Discussion in 'The War In The Air' started by PeteT, Jul 19, 2012.

  1. Nigelk

    Nigelk Junior Member

    Many thanks for your replies, I'm almost beginning to feel confident about this now, heading and fall spring to mind, though!

    I'm assuming the Universities didn't suddenly 'empty' of students who fitted the various 'cohort' ages, but do you think it may well have been the case that some students were deferred simply because there may have been too many people to potentially enlist?

    A possible example might be a student who registers in autumn '39 as being in the 'cohort' age and then has his enlistment deferred by whichever service they wanted to join until after his studies regardless of the type of course they are studying and potentially regardless of them being a student. Is that a likely scenario?

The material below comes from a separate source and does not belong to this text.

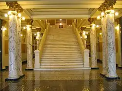 In anticipation of South Dakota's state centennial during 1989, the building was renovated extensively and restored during the administrations of Governors Richard F. Kneip, Harvey L. Wollman, Bill Janklow, and George S. Mickelson. The renovation required 22 years and restored much of the building and its decoration, including the tile floor, to its original appearance.[2] The tiled floor was also repaired; each of the tile workers who did the repairs is said to have been given a heart-shaped stone with which to mark the new floor, as the original workers had.[15] Work began in 2013 to restore stained glass throughout the building with the $2.7 million project concluded in time for South Dakota's 125th Anniversary celebrations October 1.[16]

    I suppose what I'm also asking is at the start of the war were there more people at enlistment age than the armed forces could actually deal with/need?

    Also, with regard to volunteering for the RAF was it the case that some 19/20/21 year olds were deferred for a period of more than a year after the outbreak of war simply because there were already enough volunteers?

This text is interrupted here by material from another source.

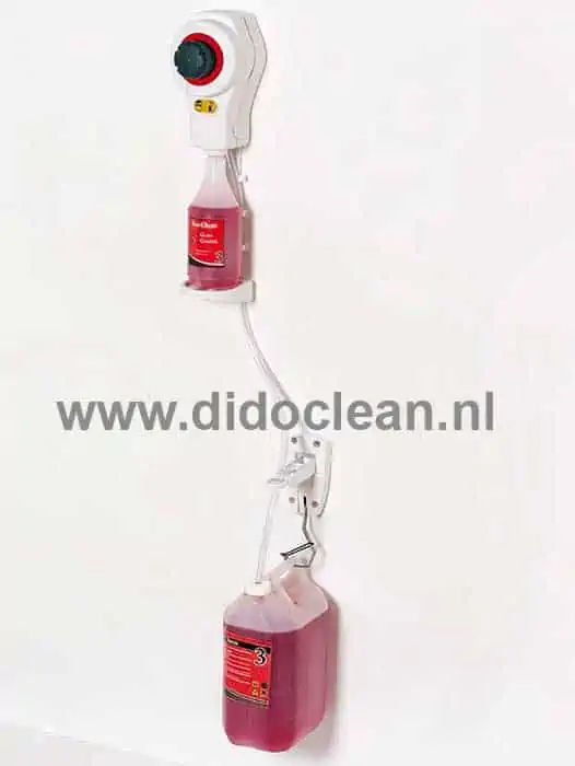 De Dosing Care ECOShot Flacon is een volledig Hand bedienbaar doseersysteem, die een specifieke hoeveelheid geconcentreerde chemicaliën in de sprayflacon doseert. Toepasbaar voor een flacon met hoogte: 144 – 288 mm. De Dosing Care ECOShot Flacon is geschikt voor chemicaliën van max. 150 cpi. en wordt standaard zonder cabinet geleverd. Dit doseersysteem biedt u een oneindige mogelijkheid om te doseren tussen 5 ml en 30 ml, afhankelijk van welk soort chemicaliën u gebruikt. Om veelvuldig achter elkaar pompen te voorkomen is de Dosing Care ECOShot Flacon voorzien van een ingebouwde flexibele vertragingsfunctie.

    I think that's it ........... thanks in advance, regards, Nigel
  2. PeteT

    PeteT Senior Member


    Personnel did not always get called up immediately after fulfilling their obligation to register; as an example, the RAF held personnel on reserve for six months.

    Do you have a specific person with specific dates that you are researching?


  3. Drayton

    Drayton Senior Member


    Thanks for that clarification about "postponement". I am more familiar with National Service liability for students post-1945, by which time "deferment" seems to have come into use.

    On the main point, we certainly agree that in WW2 all men, including students, had to register on their designated cohort date, regardless of whether they then got a postponement certificate.
  4. Nigelk

    Nigelk Junior Member

    Gentlemen, many thanks.

    Pete, I'm not researching anyone in particular, over the last few months I've been reading about Bomber Command and starting penning a 'fictional' crew. The more you scratch the surface the more you find which is what got me researching enlistment just to understand how young men actually got to join the armed forces.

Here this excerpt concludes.